** Opening Information provided block **

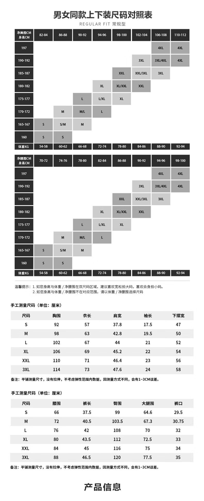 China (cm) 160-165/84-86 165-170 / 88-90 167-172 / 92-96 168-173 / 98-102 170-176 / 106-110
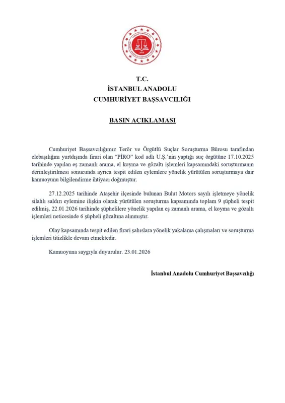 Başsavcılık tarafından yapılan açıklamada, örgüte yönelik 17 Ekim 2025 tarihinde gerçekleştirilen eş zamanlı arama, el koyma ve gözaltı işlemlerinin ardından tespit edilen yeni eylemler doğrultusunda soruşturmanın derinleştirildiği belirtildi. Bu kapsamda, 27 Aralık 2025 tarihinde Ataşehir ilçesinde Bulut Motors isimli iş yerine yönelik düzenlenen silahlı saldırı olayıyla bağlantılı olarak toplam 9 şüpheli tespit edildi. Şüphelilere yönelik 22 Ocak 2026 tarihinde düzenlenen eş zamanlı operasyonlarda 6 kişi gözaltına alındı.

** Closing Information provided block **
** Opening Information provided block **

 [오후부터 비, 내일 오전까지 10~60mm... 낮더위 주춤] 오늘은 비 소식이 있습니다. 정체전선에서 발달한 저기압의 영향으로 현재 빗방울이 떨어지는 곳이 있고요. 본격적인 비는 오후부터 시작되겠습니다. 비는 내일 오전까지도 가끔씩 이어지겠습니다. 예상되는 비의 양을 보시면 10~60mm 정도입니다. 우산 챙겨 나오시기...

** Closing Information provided block **

Start with the line above containing "China (cm) 160-165/84-86" and end with the line containing "Başsavcılık tarafından yapılan". Set down that stretch exactly, without any pictures.

 China (cm) 160-165/84-86 165-170 / 88-90 167-172 / 92-96 168-173 / 98-102 170-176 / 106-110
 Başsavcılık tarafından yapılan açıklamada, örgüte yönelik 17 Ekim 2025 tarihinde gerçekleştirilen eş zamanlı arama, el koyma ve gözaltı işlemlerinin ardından tespit edilen yeni eylemler doğrultusunda soruşturmanın derinleştirildiği belirtildi. Bu kapsamda, 27 Aralık 2025 tarihinde Ataşehir ilçesinde Bulut Motors isimli iş yerine yönelik düzenlenen silahlı saldırı olayıyla bağlantılı olarak toplam 9 şüpheli tespit edildi. Şüphelilere yönelik 22 Ocak 2026 tarihinde düzenlenen eş zamanlı operasyonlarda 6 kişi gözaltına alındı.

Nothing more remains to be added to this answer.